In the intricate dance of web scraping, where efficiency and respect for the target server’s bandwidth are paramount, mastering the art of rate limiting asynchronous requests becomes a critical skill. This is particularly true when working with Selenium web scrapers, designed to mimic real-world browsing behavior. While Selenium excels in tasks requiring interaction with JavaScript-heavy websites, its approach can sometimes be like using a sledgehammer to crack a nut, especially in terms of network resource consumption. To mitigate this, developers often employ strategies such as media blocking or request reduction. However, these methods only scratch the surface of optimization. Integrating an advanced web scraping API can provide a more nuanced control over request frequency, ensuring your scraping activities remain efficient and server-friendly. By leveraging such APIs, you can easily intercept and manage outgoing requests, reducing unnecessary load on both the scraper and the website, and streamlining your data collection process.

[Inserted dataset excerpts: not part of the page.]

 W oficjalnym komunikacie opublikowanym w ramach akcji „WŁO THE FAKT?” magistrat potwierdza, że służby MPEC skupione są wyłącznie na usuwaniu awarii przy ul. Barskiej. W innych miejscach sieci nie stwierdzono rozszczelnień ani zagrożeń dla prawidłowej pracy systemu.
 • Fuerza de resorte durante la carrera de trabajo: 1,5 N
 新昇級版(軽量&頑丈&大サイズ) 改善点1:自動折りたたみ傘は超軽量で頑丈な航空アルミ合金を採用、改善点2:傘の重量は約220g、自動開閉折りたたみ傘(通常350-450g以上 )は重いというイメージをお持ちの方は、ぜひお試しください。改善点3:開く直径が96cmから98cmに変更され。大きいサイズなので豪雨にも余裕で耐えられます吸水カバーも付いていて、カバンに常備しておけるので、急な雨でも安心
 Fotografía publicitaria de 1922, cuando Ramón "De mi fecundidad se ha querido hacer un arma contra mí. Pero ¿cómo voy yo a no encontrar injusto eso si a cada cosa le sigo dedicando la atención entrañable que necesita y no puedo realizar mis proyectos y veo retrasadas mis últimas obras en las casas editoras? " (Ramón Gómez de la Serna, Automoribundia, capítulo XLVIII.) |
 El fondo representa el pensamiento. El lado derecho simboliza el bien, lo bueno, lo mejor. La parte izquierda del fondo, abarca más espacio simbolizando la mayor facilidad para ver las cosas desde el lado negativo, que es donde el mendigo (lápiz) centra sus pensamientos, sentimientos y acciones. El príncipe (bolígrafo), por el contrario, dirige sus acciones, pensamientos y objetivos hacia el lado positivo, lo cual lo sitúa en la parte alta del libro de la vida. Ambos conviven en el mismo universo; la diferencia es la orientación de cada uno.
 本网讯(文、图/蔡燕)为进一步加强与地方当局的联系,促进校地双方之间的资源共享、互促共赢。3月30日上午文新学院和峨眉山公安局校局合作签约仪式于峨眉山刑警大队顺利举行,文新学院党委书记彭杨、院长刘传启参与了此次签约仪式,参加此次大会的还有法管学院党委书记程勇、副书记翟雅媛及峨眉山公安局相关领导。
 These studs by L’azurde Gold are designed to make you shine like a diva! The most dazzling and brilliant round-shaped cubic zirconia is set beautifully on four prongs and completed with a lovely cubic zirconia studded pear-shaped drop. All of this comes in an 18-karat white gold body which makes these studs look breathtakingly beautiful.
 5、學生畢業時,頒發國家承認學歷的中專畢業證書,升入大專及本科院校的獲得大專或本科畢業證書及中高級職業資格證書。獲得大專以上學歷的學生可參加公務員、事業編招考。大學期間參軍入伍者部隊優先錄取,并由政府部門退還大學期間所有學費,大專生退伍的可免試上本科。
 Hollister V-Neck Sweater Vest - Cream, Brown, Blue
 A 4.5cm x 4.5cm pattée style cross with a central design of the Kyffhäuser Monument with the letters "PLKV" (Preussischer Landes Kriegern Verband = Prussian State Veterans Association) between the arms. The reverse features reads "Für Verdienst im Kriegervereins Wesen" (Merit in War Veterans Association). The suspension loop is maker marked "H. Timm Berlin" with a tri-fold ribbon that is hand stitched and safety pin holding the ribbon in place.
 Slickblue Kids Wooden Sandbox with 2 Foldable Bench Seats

A proxy such as mitmproxy, renowned for its flexibility, can be configured to block requests by either resource type or name. Installation is straightforward with the pip package manager. Following installation, a script can be created to implement custom blocking logic, targeting common third-party resources or specific resource extensions:

from mitmproxy import http

BLOCK_RESOURCE_NAMES = ['adzerk', 'analytics', ...]
BLOCK_RESOURCE_EXTENSIONS = ['.gif', '.jpg', ...]

def request(flow: http.HTTPFlow) -> None:
    url = flow.request.pretty_url
    if any(url.endswith(ext) for ext in BLOCK_RESOURCE_EXTENSIONS) or 
       any(block in url for block in BLOCK_RESOURCE_NAMES):
        flow.response = http.Response.make(404, b"Blocked", {"Content-Type": "text/html"})

Running the proxy with mitmproxy -s initiates it on localhost:8080, filtering requests as configured. This setup can then be integrated with a Selenium instance to ensure the blocking of non-essential requests:

from selenium import webdriver

PROXY = "localhost:8080"

chrome_options = webdriver.ChromeOptions()
chrome_options.add_argument('--proxy-server=%s' % PROXY)

chrome = webdriver.Chrome(options=chrome_options)

This method, by limiting unnecessary resource loading, can reduce bandwidth consumption by 2 to 10 times, significantly enhancing the scraping process’s speed.

For comprehensive web scraping projects encountering sophisticated anti-scraping measures, the Scrape Network API offers an integrated solution with Scrapy through its SDK. This API facilitates scraping operations and bypasses anti-scraping protections, backed by features like anti-scraping protection bypass, JavaScript rendering, and access to a vast pool of residential or mobile proxies.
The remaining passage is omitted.